Problem details: Extract the whole listing as it stands. Do not include the pictures.

Given material:
+--
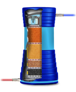 In der fünften Stufe wird das Wasser entkalkt. Je nach Wunsch kann das Trinkwasser teil- oder vollenthärtet werden. Des Weiteren werden Ammonium und Kalium herausgefiltert.
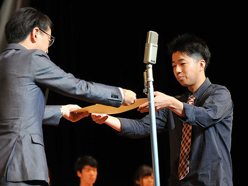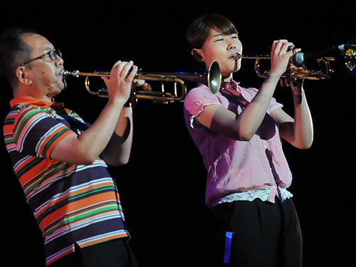講評では中学生の部の指導講師を務めた、藤井司朗さんは「ジャズは大人の表現が要求される音楽ですが、中学生で大人の表現は難しく、その中でジャズを表現するには高い技術が求められます。ジャンルにとらわれず、基本的な楽器の演奏技術を底上げしながらジャズの表現に結びつけてほしい」とエールを送り、高校生の部の指導講師を務めた、宗清洋さんは「各校ともにいろいろな楽曲を手に入れることができるようになり、レパートリーが増え、レベルに合った選曲でサウンドもよくなっています。その結果、個人のすばらしいプレイヤーが数多く誕生し、ベストパフォーマンス賞の選考も苦労しました」と、個人賞を含め、審査の難しさを振り返りました。
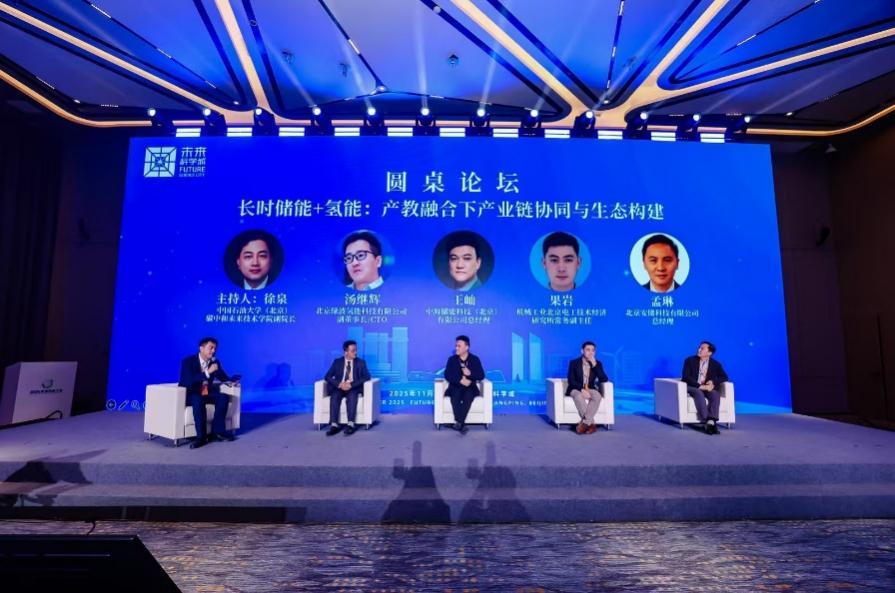 技术创新是本次大会的核心亮点。中国科学院院士、北京大学纳米科学与技术研究中心主任、北京石墨烯研究院院长刘忠范介绍,作为电热转换领域的杀手锏材料,3000型蒙烯玻纤产品实现了工业级碳源替代,产品一致性提高了12%,已广泛应用于无人机、风电叶片除冰、锂电烘干等多个关键领域。中国科学院院士、中国石油大学(北京)重质油全国重点实验室主任徐春明介绍了储能平台石墨烯复合电池生产线、绿电—绿氢—合成氨过程耦合等技术突破,基于碳布电极的500kW 铁铬液流电池储能模块及装备入选国家能源局能源领域首台(套)重大技术装备名单,引领低成本长时储能发展。华北电力大学能源电力创新研究院执行院长、国家储能技术产教融合创新平台(华北电力大学)常务副主任徐超介绍,华北电力大学国家储能技术产教融合创新平台目前已经建成电堆全堆测试台、电化学储能材料与器件实验室、氢氨燃烧实验室等,下一步将形成“源网荷储”一体化工程试验系统,带动相关产业产值超过10亿元。天津津通华电气集团有限公司介绍了新能源风光充结合储能的全方位系统性应用,中国石化润滑油有限公司分享了石化行业技术在新型储能上中下游的全要素解决方案。圆桌会议则针对产教融合下长时储能+氢能产业链协同与生态构建的研讨,为产业跨界融合与可持续发展凝聚了智慧。
+--
Task answer:
 In der fünften Stufe wird das Wasser entkalkt. Je nach Wunsch kann das Trinkwasser teil- oder vollenthärtet werden. Des Weiteren werden Ammonium und Kalium herausgefiltert.
講評では中学生の部の指導講師を務めた、藤井司朗さんは「ジャズは大人の表現が要求される音楽ですが、中学生で大人の表現は難しく、その中でジャズを表現するには高い技術が求められます。ジャンルにとらわれず、基本的な楽器の演奏技術を底上げしながらジャズの表現に結びつけてほしい」とエールを送り、高校生の部の指導講師を務めた、宗清洋さんは「各校ともにいろいろな楽曲を手に入れることができるようになり、レパートリーが増え、レベルに合った選曲でサウンドもよくなっています。その結果、個人のすばらしいプレイヤーが数多く誕生し、ベストパフォーマンス賞の選考も苦労しました」と、個人賞を含め、審査の難しさを振り返りました。
 技术创新是本次大会的核心亮点。中国科学院院士、北京大学纳米科学与技术研究中心主任、北京石墨烯研究院院长刘忠范介绍,作为电热转换领域的杀手锏材料,3000型蒙烯玻纤产品实现了工业级碳源替代,产品一致性提高了12%,已广泛应用于无人机、风电叶片除冰、锂电烘干等多个关键领域。中国科学院院士、中国石油大学(北京)重质油全国重点实验室主任徐春明介绍了储能平台石墨烯复合电池生产线、绿电—绿氢—合成氨过程耦合等技术突破,基于碳布电极的500kW 铁铬液流电池储能模块及装备入选国家能源局能源领域首台(套)重大技术装备名单,引领低成本长时储能发展。华北电力大学能源电力创新研究院执行院长、国家储能技术产教融合创新平台(华北电力大学)常务副主任徐超介绍,华北电力大学国家储能技术产教融合创新平台目前已经建成电堆全堆测试台、电化学储能材料与器件实验室、氢氨燃烧实验室等,下一步将形成“源网荷储”一体化工程试验系统,带动相关产业产值超过10亿元。天津津通华电气集团有限公司介绍了新能源风光充结合储能的全方位系统性应用,中国石化润滑油有限公司分享了石化行业技术在新型储能上中下游的全要素解决方案。圆桌会议则针对产教融合下长时储能+氢能产业链协同与生态构建的研讨,为产业跨界融合与可持续发展凝聚了智慧。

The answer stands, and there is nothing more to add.